Designed by Frederick J. Osterling, the building was constructed on the site of Pittsburgh's nineteenth century St. Paul's Catholic Cathedral. It is not known to have been modeled after any particular building, but Brussels Town Hall, Leuven Town Hall (both Brabantine Gothic) and the then-new Woolworth Building have been suggested as influences. The design has also been partially attributed to Pierre A. Liesch (1872–1954), who worked with Osterling on the project.
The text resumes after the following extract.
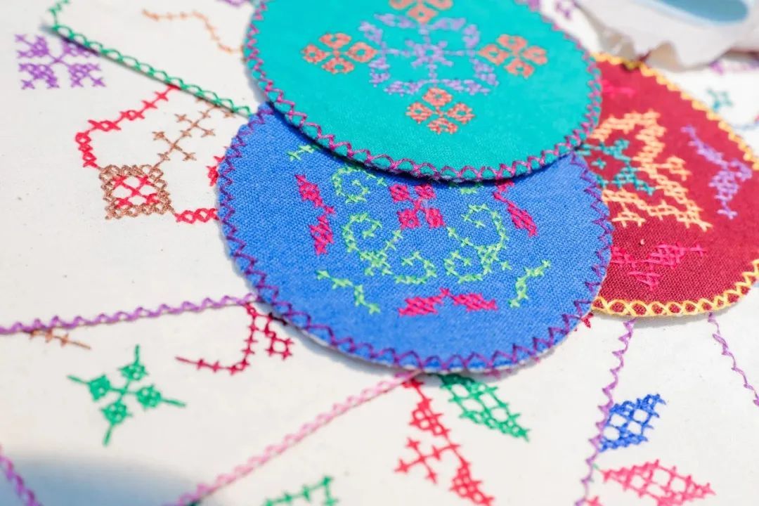 创意产品:罗朵朵系列文创产品、罗泾十字挑花系列文创产品、顾村结艺工艺品。

Liesch was a native of Luxembourg and later used a similar Flemish Gothic style for his design of the Croatian Fraternal Union Building.

The Union Trust Company purchased the structure in 1923, renaming it from the Union Arcade to the Union Trust Building, as well as remodeling the first four floors.

Many people believe that the building's unique roof is the result of a restrictive covenant placed on the land by its previous owner, the Diocese of Pittsburgh. One story is that the bishop at the time (Rev. Richard Phelan) placed a restrictive covenant on the land when Frick purchased it so that, although it would now have commercial purposes, residents would always remember the cathedral that once stood there. Another story suggests that there is a requirement that a place of worship must be maintained perpetually on the site, and thus there is supposedly a chapel in one of the towers to comply. This is all urban legend – there was no restrictive covenant or other restriction in the original 1901 deed transferring ownership from religious to secular use.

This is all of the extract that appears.